The user facing api, especially the free functions, discussed in this doc are based on some global configurations. e.g. multiprocessing options, timeouts, LeafHandlerRegistry etc. These global configurations are called Context and are implemented as a context manager. The Orbax operations discussed above can be invoked within a context manager to customize their behavior with given configuration.

“Checkpointable” remains a key concept in the V1 API. A “checkpointable” refers to a logical piece of the checkpoint that is distinct in some way from other pieces. Checkpointables are separable; they may or may not be loaded concurrently and some may be omitted from the checkpoint entirely. Checkpointables are often represented by different types, and have different representations on disk. The quintessential example is model params vs. dataset.

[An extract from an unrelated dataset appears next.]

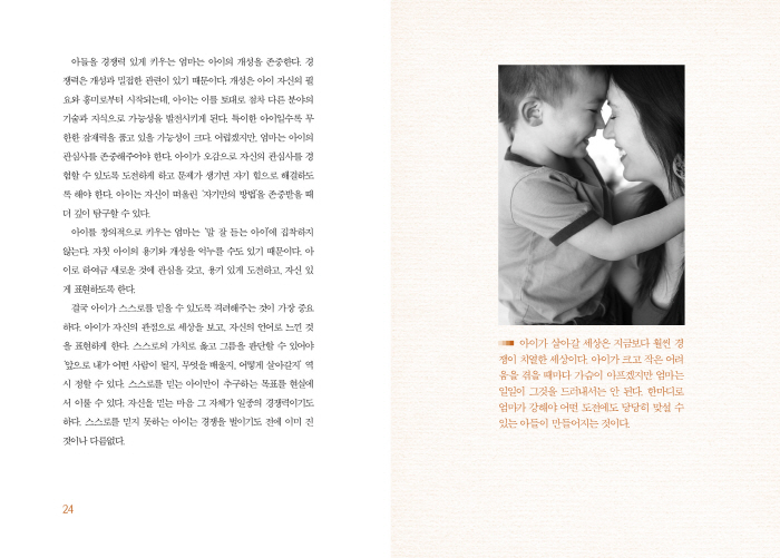 º£ÀÌ¡´ëÇб³ Áß¹®°ú¸¦ Á¹¾÷ÇßÀ¸¸ç Áß±¹ ±¹°¡µµ¼»óÀ» ¼ö»óÇÑ º£Å×¶û µµ¼ ±âȹÀÚÀÌÀÚ ÀÛ°¡ÀÌ´Ù. ¸¹Àº ¾ö¸¶µéÀÌ ¾ÆµéÀ» Ű¿ì¸ç È¥¶õ°ú ÁÂÀýÀ» °Þ´Â ¸ð½ÀÀ» º¸°í ÀÌ Ã¥À» ±¸»óÇÏ°Ô µÇ¾ú´Ù. ¿©¼ºÀÇ ¼¼°è¿¡¼ ¼ºÀåÇÑ ¾ö¸¶°¡ ¡®µµ¹«Áö ÀÌÇØÇÒ ¼ö ¾ø´Â °ÍÅõ¼ºÀÌ¡¯ÀÎ ¾ÆµéÀ» ¾î¶»°Ô ÀÌÇØÇÏ°í ¿Ã¹Ù¸£°Ô ¼ÒÅëÇÏ¿© ¸¶Ä§³» ¾ÆµéÀ» ³²¼ºÀÇ ¼¼°è¿¡¼µµ ÀÎÁ¤¹Þ´Â ³²ÀڷΠŰ¿ö³¾ ¼ö ÀÖÀ»Áö¿¡ ´ëÇØ ÁýÁßÀûÀ¸·Î ºÐ¼®Çß´Ù. ±×´Â ÀÌ Ã¥À» ÅëÇØ ¾ö¸¶ÀÇ ¾ÖÁ¤ Ç¥Çö ¹× ¼ÒÅë ¹æ½ÄÀÌ ¾Æµé°ú ¼øÁ¶·Î¿î °ü°è·Î À̾îÁö°í ÀÖ´ÂÁö Æ´Æ´ÀÌ µ¹¾Æº¼ Çʿ䰡 ÀÖÀ¸¸ç, ÁÁÀº °ü°è¸¦ À̾±â À§Çؼ´Â ¾ö¸¶°¡ ¸ÕÀú ¡®¾ÆµéÀÇ ¹æ½Ä¡¯À» ÀÌÇØÇØ¾ß¸¸ ÇÑ´Ù°í ¼³¸íÇÑ´Ù.

Different checkpointables are handled by CheckpointableHandler implementations. These provide the logic for saving and loading particular objects, and also identify which objects they are capable of processing. For user convenience, a Checkpointable interface is also provided, which allows tightly coupling checkpointing logic to a specific object. While less flexible than the CheckpointableHandler, it is also more intuitive and we intend to expose it as the main interface for checkpointable customization.

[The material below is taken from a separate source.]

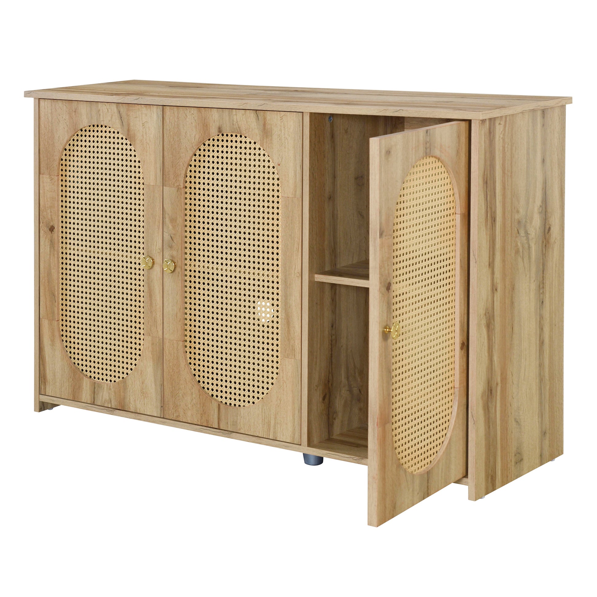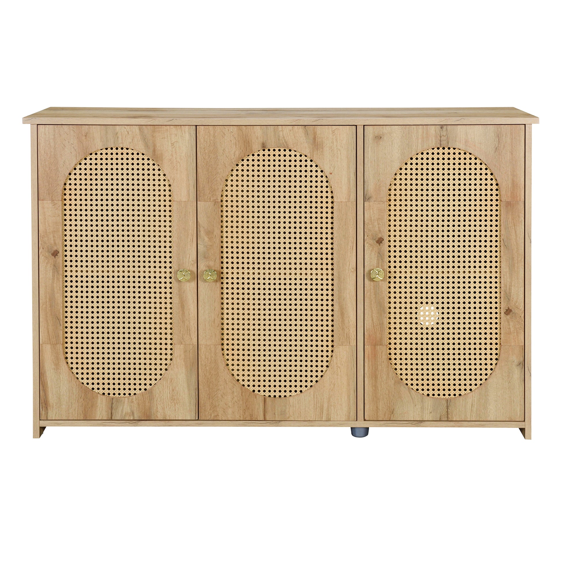 TREXM Retro 3-Door Sideboard with Large Storage Space Artificial Rattan Doors and Metal Handles, Accent Cabinet for Living Room and Hallway (Natural Wood)

The lowest-level user-accessible abstraction is the LeafHandler, which deals specifically with processing individual leaves of a PyTree. Implementing and registering a subclass of this object allows storing custom leaves in a PyTree.

Free Functions

Free functions serve as the primary entry point for users.

Checkpointable = Any

### SAVING ###

def save_pytree(
    directory: PathLike,
    pytree: PyTree,
    *,
    partial_update: bool = False,
    force: bool = False,
    handler: Type[CheckpointableHandler] = PyTreeHandler,
):
  …

def save_pytree_async(...) -> AsyncResponse[None]:
  …

def save_checkpointables(
    directory: PathLike,
    checkpointables: dict[str, Checkpointable],
    *,
    force: bool = False,
):
  …

def save_checkpointables_async(...) -> AsyncResponse[None]:
  …

### LOADING ###

def load_pytree(
    directory: PathLike,
    abstract_pytree: PyTree | None = None,
    *,
    partial_load: bool = False,
) -> PyTree:
  …

def load_pytree_async(...) -> AsyncResponse[PyTree]:
  …

def load_checkpointables(
    directory: PathLike,
    abstract_checkpointables: dict[str, Checkpointable] | None = None,
) -> dict[str, Checkpointable]:
  …

def load_checkpointables_async(...) -> AsyncResponse[dict[str, Checkpointable]]:
  …

def metadata(directory: PathLike) -> CheckpointMetadata:
  …

### MODEL SURGERY ###

def load_and_transform(
    directories: Sequence[PathLike],
    abstract_pytree: PyTree,
    transform_fn: TransformFn,
) -> PyTree:
  …

Futures vs. wait_until_finished

Currently async saving in Orbax does not return futures to the user, but instead relies on a wait_until_finished method for the user to block on the result of the save. However, it makes sense to abandon this model for a few reasons.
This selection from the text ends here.